From the Department of Emergency Medicine (N.-.K.M.-.M., N.K.B., J.M.D., C.P., S.K., A.A.G., V.S.B.), School of Medicine, University of Colorado Denver; Adult and Child Consortium for Health Outcomes Research and Delivery Science (B.B.), University of Colorado Anschutz Medical Campus; Department of Biostatistics and Informatics (K.S.), Colorado School of Public Health, University of Colorado, Aurora, Colorado; Emergency Medical Services, Department of Health (S.d.V.), Western Cape Government; Department of Surgery (H.J.L., E.S.) and Division of Forensic Medicine, Department of Pathology (J.V.), Faculty of Medicine and Health Sciences, Stellenbosch University, Cape Town, South Africa; US Army Institute of Surgical Research (S.G.S.), Joint Base San Antonio, Fort Sam Houston, Texas; Brooke Army Medical Center (T.E.B.), Fort Sam Houston, Texas; Joint Trauma System (C.C., S.K.), Defense Health Agency, Fort Sam Houston, Texas; The Center for COMBAT Research, Department of Emergency Medicine (S.K.), School of Medicine, University of Colorado, Aurora; Ernest E Moore Shock Trauma Center at Denver Health (E.E.M.), University of Colorado Denver; and Division of Emergency Medicine (L.A.W.), University of Cape Town, Cape Town, South Africa.
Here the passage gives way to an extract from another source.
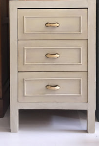 Vintage wooden chest of drawers, 3 drawers, ivory bakelite handles. Color ivory. Italy, about 1940.

J Trauma Acute Care Surg. 2022 Aug 1;93(2S Suppl 1):S78-S85. doi: 10.1097/TA.0000000000003675. Epub 2022 May 21.
Civilian and military populations alike are increasingly faced with undesirable situations in which prehospital and definitive care times will be delayed. The Western Cape of South Africa has some similarities in capabilities, injury profiles, resource limitations, and system configuration to US military prolonged casualty care (PCC) settings. This study provides an initial description of civilians in the Western Cape who experience PCC and compares the PCC and non-PCC populations.
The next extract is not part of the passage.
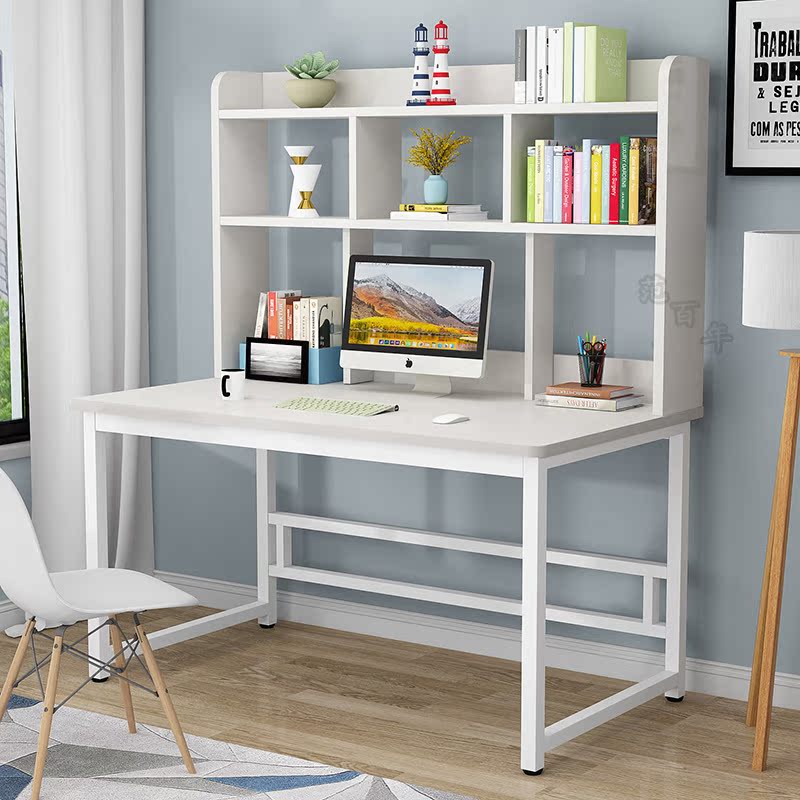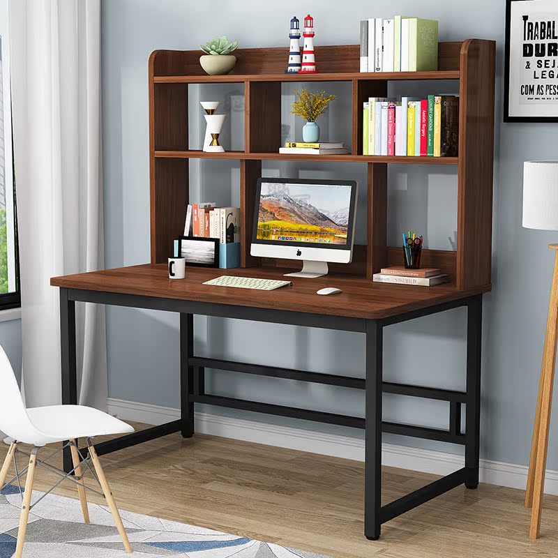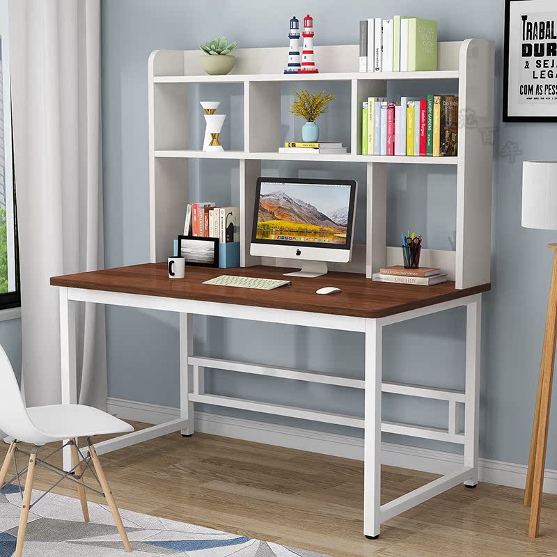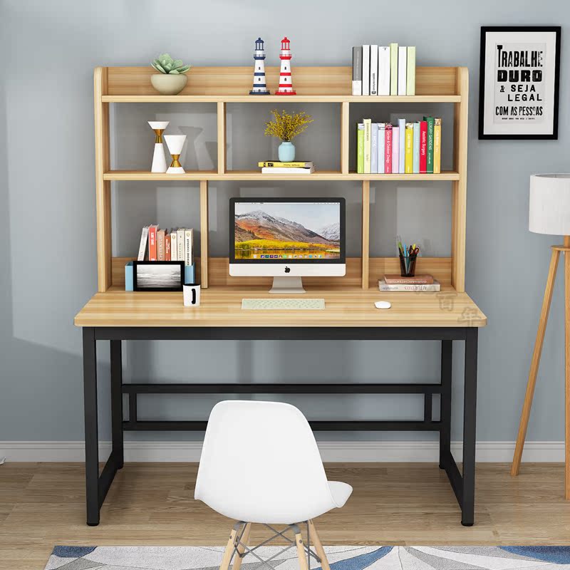 Student desk bookshelf combination table solid wood home desktop computer table steel wood table with bookshelf study table

We conducted a 6-month analysis of an ongoing, prospective, large-scale epidemiologic study of prolonged trauma care in the Western Cape (Epidemiology and Outcomes of Prolonged Trauma Care [EpiC]). We define PCC as ≥10 hours from injury to arrival at definitive care. We describe patient characteristics, critical interventions, key times, and outcomes as they may relate to military PCC and compare these using χ 2 and Wilcoxon tests. We estimated the associations between PCC status and the primary and secondary outcomes using logistic regression models.
Of 995 patients, 146 experienced PCC. The PCC group, compared with non-PCC, were more critically injured (66% vs. 51%), received more critical interventions (36% vs. 29%), and had a greater proportionate mortality (5% vs. 3%), longer hospital stays (3 vs. 1 day), and higher Sequential Organ Failure Assessment scores (5 vs. 3). The odds of 7-day mortality and a Sequential Organ Failure Assessment score of ≥5 were 1.6 (odds ratio, 1.59; 95% confidence interval, 0.68-3.74) and 3.6 (odds ratio, 3.69; 95% confidence interval, 2.11-6.42) times higher, respectively, in PCC versus non-PCC patients.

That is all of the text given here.